Responsibility
A reader left a well-written, thoughful comment on my pre-K post. Here is the original comment and then my (lengthy) response:
Comment:
anonymous said...
I have, and have had for many years, mixed feelings on "mandatory" pre-K. In many ways, I think it is a case of what is right not being fully aligned with what is good. One of my questions is why are public schools responsible for raising children? As a teacher, I know that for many children it is far better to be in a pre-K classroom than wherever they might otherwise be, but I feel as a citizen that people who have children should be responsible primary care givers to said children. We all know that it's ultimately the kids who suffer without pre-K, but how do you make people responsible for their actions - having children that they can't/won't/don't raise? How do you fix the situations/circumstances that result in the need for government funded pre-K? Where does what is good converge with what is right?
Without knowing the name of the person in question, it has been difficult for me to locate facts concerning the following; however, it seems real enough and is a good example of another situation where what is right and what is good are at odds. Rumor has it that there was a doctor in Clarksdale who, just a few decades ago, was sterilizing poor women who came in with multiple pregnancies. He was sterilizing them without their knowledge or consent. I cringe at his violation of their bodies and their rights, but at the same time, I can identify with his motivation. Of course, even in the rumor version of this tale, the doctor ultimately lost his license.
Can you, in either of these cases, fully meld good and right, or draw a distinct line between the two? I can't, and I don't even pretend to know how.
Response:
It is my belief that if a segment of society is being left behind than that is our failing, all of us, as a society. I think we have become more and more satisfied with the idea that if a group of people are underachieving, are being left behind, than it is their fault and no one else.
On an individual level, a case-by-case basis, each person makes her own decisions. In the case of pre-K benefiting low-income single-mothers each of those women made (excluding cases of rape or abuse) the decision to have unprotected sex, and then to have the baby. That is the reality on a micro level.
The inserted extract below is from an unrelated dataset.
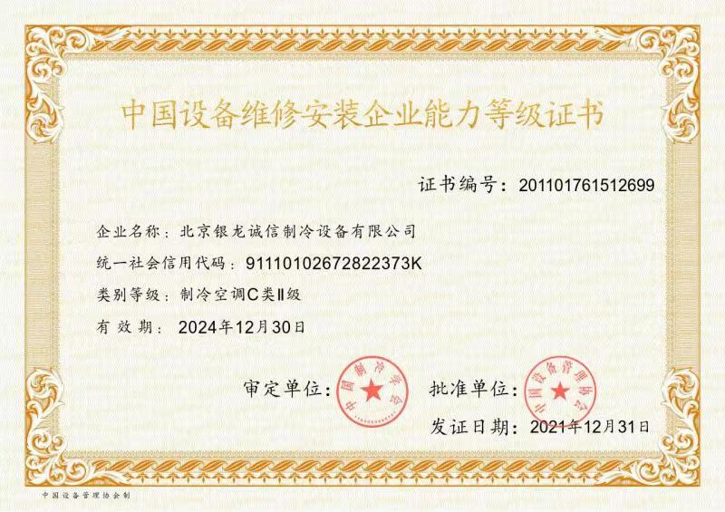 2007年:獲準(zhǔn)成為北京市制冷行業(yè)技術(shù)學(xué)會(huì)理事單位; 2009年:獲得北京市大興區(qū)百強(qiáng)企業(yè)認(rèn)證; 2009年:獲得國家高新技術(shù)企業(yè)認(rèn)證; 2011年:獲北京市安全生產(chǎn)先進(jìn)企業(yè)稱號(hào),節(jié)能環(huán)保先進(jìn)單位; 2012年:通過了國家高新技術(shù)企業(yè)復(fù)審; 2013年:公司董事長獲"2013北京先進(jìn)企業(yè)家"榮譽(yù)稱號(hào); 2014年:獲2014年度中國冷庫工程安裝設(shè)計(jì)造價(jià)行業(yè)十大品牌;

But on a macro level it is true, no matter what city, state, or country, no matter what race or religion, that when a group of people live in poverty and receive a substandard education, things like teenage pregnancy (and sexual abuse) skyrocket. This is as true for poor, black women in rural Mississippi as it is for poor, white women in rural West Virginia.
If someone is born into wealth they are almost certainly going to die wealthy. If someone is born into poverty they are almost certainly going to die poor. Yes, there are success stories. But they are one in a million.
We, as a society, have failed to take care of everyone in our society. In every country but ours universal health care is a right, not a privilage. In many countries, including our neighbors to the north, outstanding, free public education through university is a right, not a privilage. Here an outstanding education is, for the most part, quite costly.
For a low-income black woman growing up in the Delta there is no sex education, no Planned Parenthood, and no way to get an abortion. She is poor, her mother is poor, her grandmother was poor, her great grandmother was poor, and her great-great-grandmother was a slave. Unless she is extraordinarily hardworking, intelligent, and lucky, she will die in poverty. Society has done very little to help her. It has provided her with a segregated, underfunded school system, and little opportunity if she graduates. The question isn’t why doesn’t she take more responsibility for herself and maybe make it out of her situation? The question is how does anyone make it with the odds stacked so solidly against you?
Who benefits from all this? As I said in the pre-K blog: rich, white people. We pay less in taxes than almost any other country, and yet people always complain that taxes are too high. Taxes should be high. In the 40’s and 50’s the wealthiest people in America paid up to 80% in taxes. Now, maybe, they pay 35%. My belief is that government is a collection of individuals, all individuals in this country, and that government should best serve all of these individuals, not just the rich. But after decades of perpetuating the idea of personal responsibility most Americans have bought into the idea that for those left behind it is solely their fault. If the race is fair, than yes. But this race has been rigged from the start, and those left behind started miles behind the rest of us.
The Last of the Mohicans is a great action movie, but there is a line, really a throwaway line, towards the end of the film that has always stuck with me. The hero, Hawkeye, is debating an elder from another tribe, and says something to the effect of: “Let us not be like the white Americans, and their masters in Europe, infected with the sickness of greed.” I think as a society we have become infected with the sickness of greed.